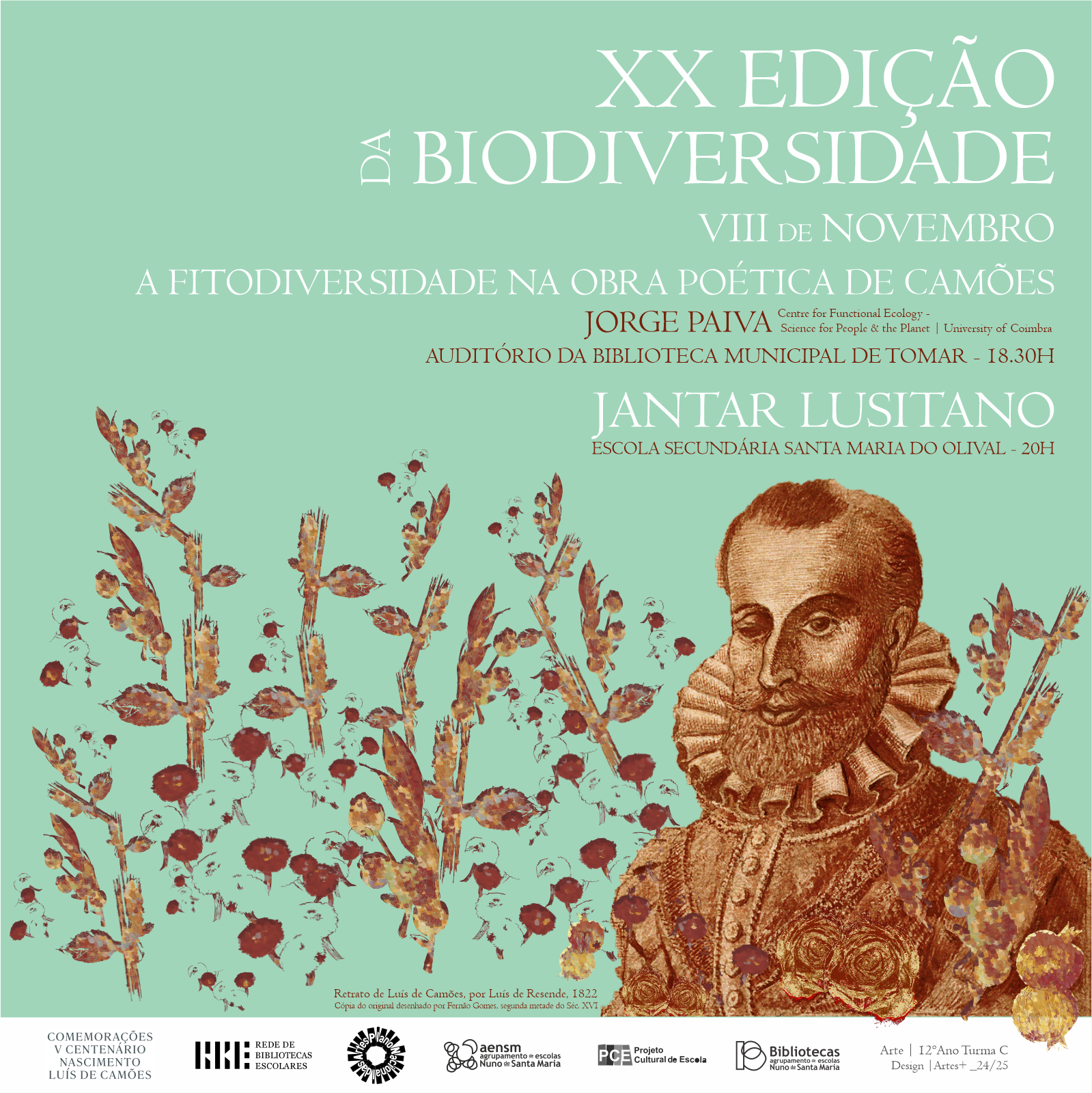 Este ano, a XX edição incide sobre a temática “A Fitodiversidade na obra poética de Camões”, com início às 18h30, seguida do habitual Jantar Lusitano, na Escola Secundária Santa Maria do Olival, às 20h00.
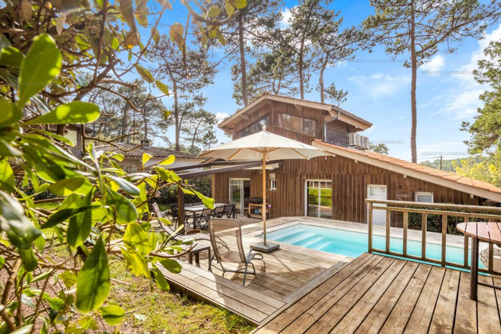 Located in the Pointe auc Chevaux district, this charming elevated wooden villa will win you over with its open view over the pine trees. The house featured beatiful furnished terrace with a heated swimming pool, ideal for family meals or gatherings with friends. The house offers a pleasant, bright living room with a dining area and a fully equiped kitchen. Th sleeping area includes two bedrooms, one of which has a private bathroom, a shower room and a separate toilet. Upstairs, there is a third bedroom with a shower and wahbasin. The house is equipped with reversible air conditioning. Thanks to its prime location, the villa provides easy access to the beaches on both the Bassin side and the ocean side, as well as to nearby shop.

● ● ● ● ●

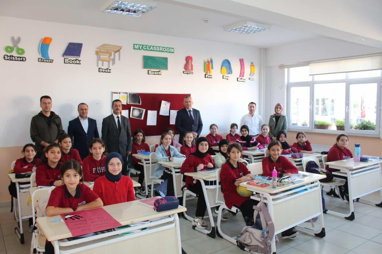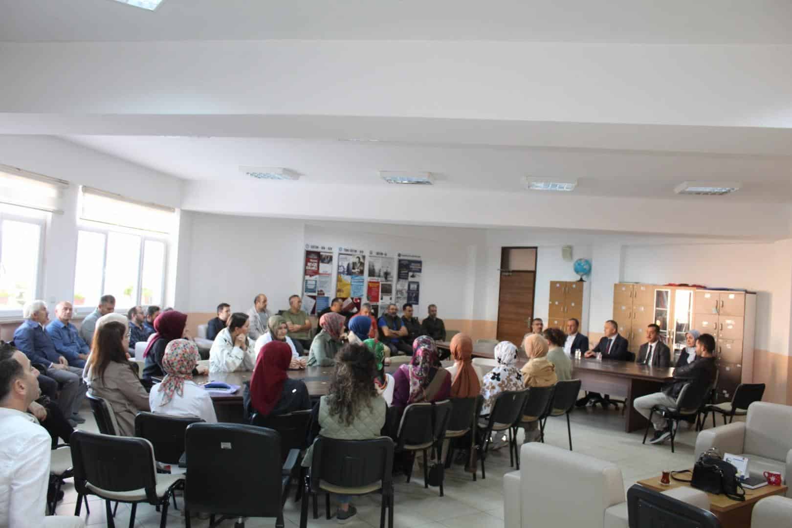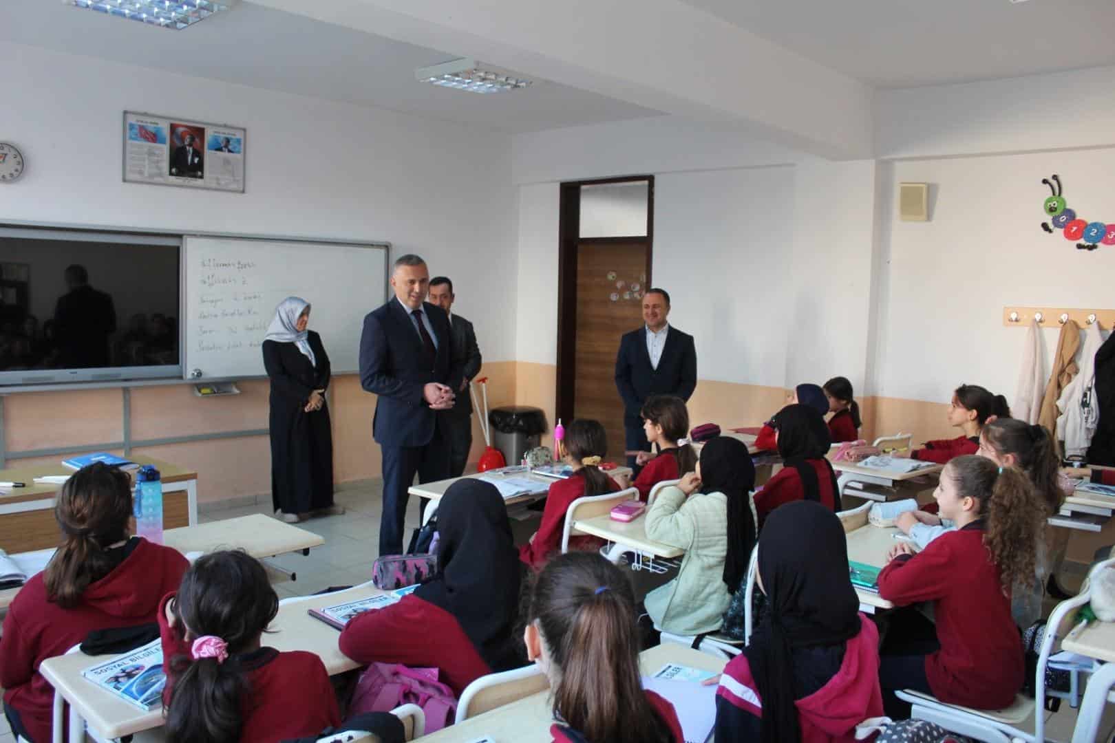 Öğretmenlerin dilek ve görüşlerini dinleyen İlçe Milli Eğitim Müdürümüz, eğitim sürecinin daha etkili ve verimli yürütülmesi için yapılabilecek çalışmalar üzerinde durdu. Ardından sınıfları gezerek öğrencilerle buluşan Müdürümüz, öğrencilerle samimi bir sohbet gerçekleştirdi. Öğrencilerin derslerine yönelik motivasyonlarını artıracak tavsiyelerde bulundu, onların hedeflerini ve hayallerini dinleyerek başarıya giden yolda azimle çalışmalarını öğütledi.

● ● ● ● ●

_Instructions for the task:_
Reproduce the entries exactly, from the line with "Este ano, a" to the line with "Located in the", both lines included, keeping no pictures.

_Response area:_
 Este ano, a XX edição incide sobre a temática “A Fitodiversidade na obra poética de Camões”, com início às 18h30, seguida do habitual Jantar Lusitano, na Escola Secundária Santa Maria do Olival, às 20h00.
 Located in the Pointe auc Chevaux district, this charming elevated wooden villa will win you over with its open view over the pine trees. The house featured beatiful furnished terrace with a heated swimming pool, ideal for family meals or gatherings with friends. The house offers a pleasant, bright living room with a dining area and a fully equiped kitchen. Th sleeping area includes two bedrooms, one of which has a private bathroom, a shower room and a separate toilet. Upstairs, there is a third bedroom with a shower and wahbasin. The house is equipped with reversible air conditioning. Thanks to its prime location, the villa provides easy access to the beaches on both the Bassin side and the ocean side, as well as to nearby shop.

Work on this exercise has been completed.